======== Dataset extract

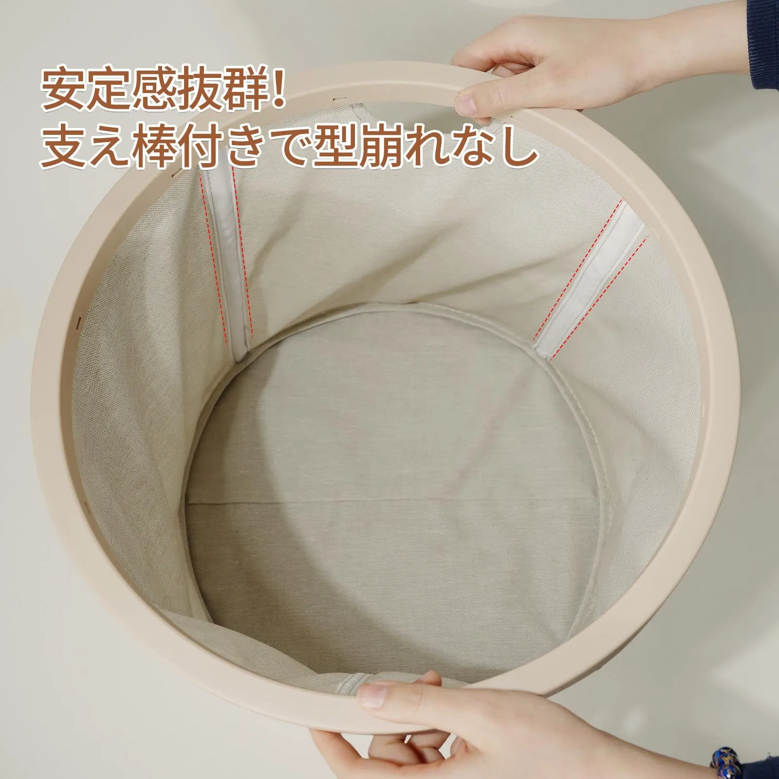 【支え棒付きで型崩れなし】このランドリーかごは、四周に支?柱が備わっており、洗濯物を入れても型崩れすることなく、しっかりとした形を保ちます。洗濯物を収納しても、常に整った状態で使用でき、使いやすさが向上します。
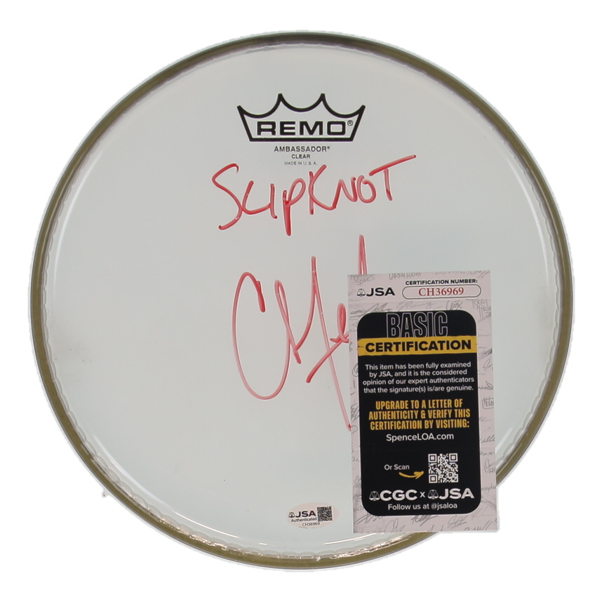 Drumhead measures approximately 10.5" in diameter. Hand-signed and inscribed by Chris Fehn.
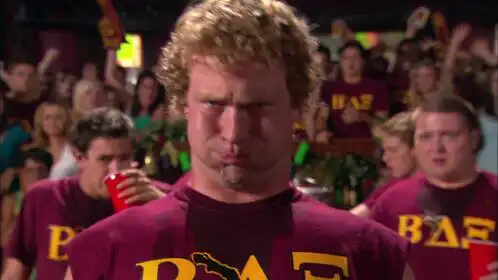 Община братства в картине функционирует как микрокосм общества, где свои символы и законы формируют коллективную идентичность. Здание Бета-Хауса, эмблемы и ритуалы выступают не просто фоном, а визуальным маркером принадлежности: греческие буквы, нашивки и плакаты символизируют набор правил, через которые проходят новички, чтобы получить статус «своих». Сцены инициации и челленджи между домами работают как современная форма ритуала перехода, где испытания одновременно пугают и сближают, помогают героям преодолеть страхи и утвердить свой образ. Такие ритуалы в фильме выполняют двойную функцию: они как бы подтверждают зрелость, но в то же время выставляют ее на посмешище, демонстрируя, насколько построеная маскулинность зависит от внешних атрибутов и публичного признания.
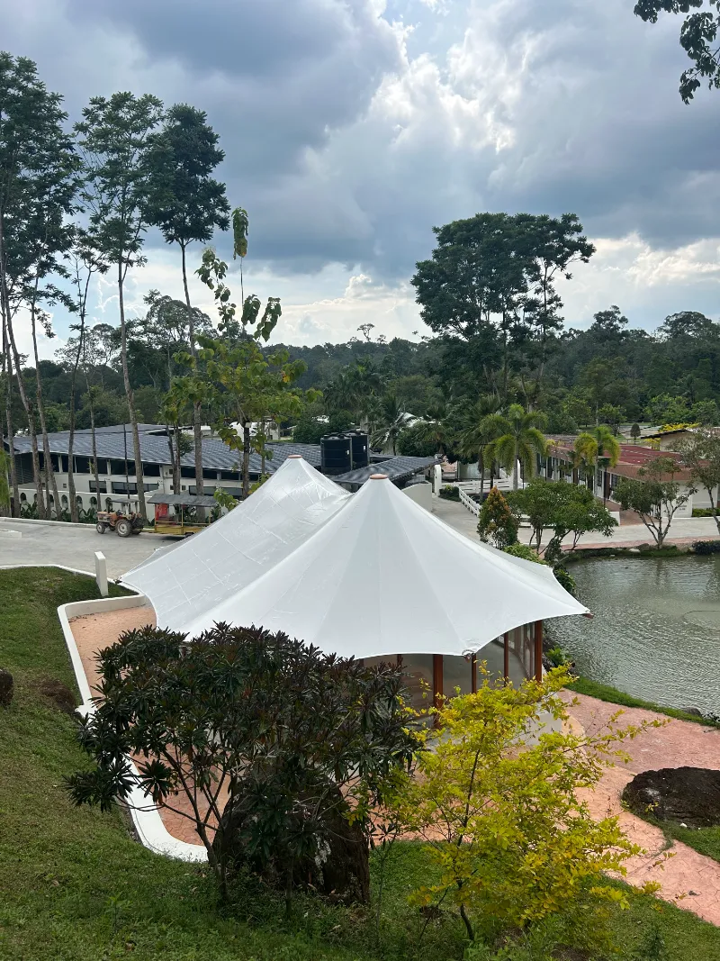 The luxury tent resort project undertaken by Yuntu Tent in Malaysia is located in the suburb surrounded by green trees.

================

▶ _What is being asked_
Retyping is limited to the line with "Община братства в" and the lines after it in the material above; give them exactly and leave out the pictures.

▶ _Expected answer_
 Община братства в картине функционирует как микрокосм общества, где свои символы и законы формируют коллективную идентичность. Здание Бета-Хауса, эмблемы и ритуалы выступают не просто фоном, а визуальным маркером принадлежности: греческие буквы, нашивки и плакаты символизируют набор правил, через которые проходят новички, чтобы получить статус «своих». Сцены инициации и челленджи между домами работают как современная форма ритуала перехода, где испытания одновременно пугают и сближают, помогают героям преодолеть страхи и утвердить свой образ. Такие ритуалы в фильме выполняют двойную функцию: они как бы подтверждают зрелость, но в то же время выставляют ее на посмешище, демонстрируя, насколько построеная маскулинность зависит от внешних атрибутов и публичного признания.
 The luxury tent resort project undertaken by Yuntu Tent in Malaysia is located in the suburb surrounded by green trees.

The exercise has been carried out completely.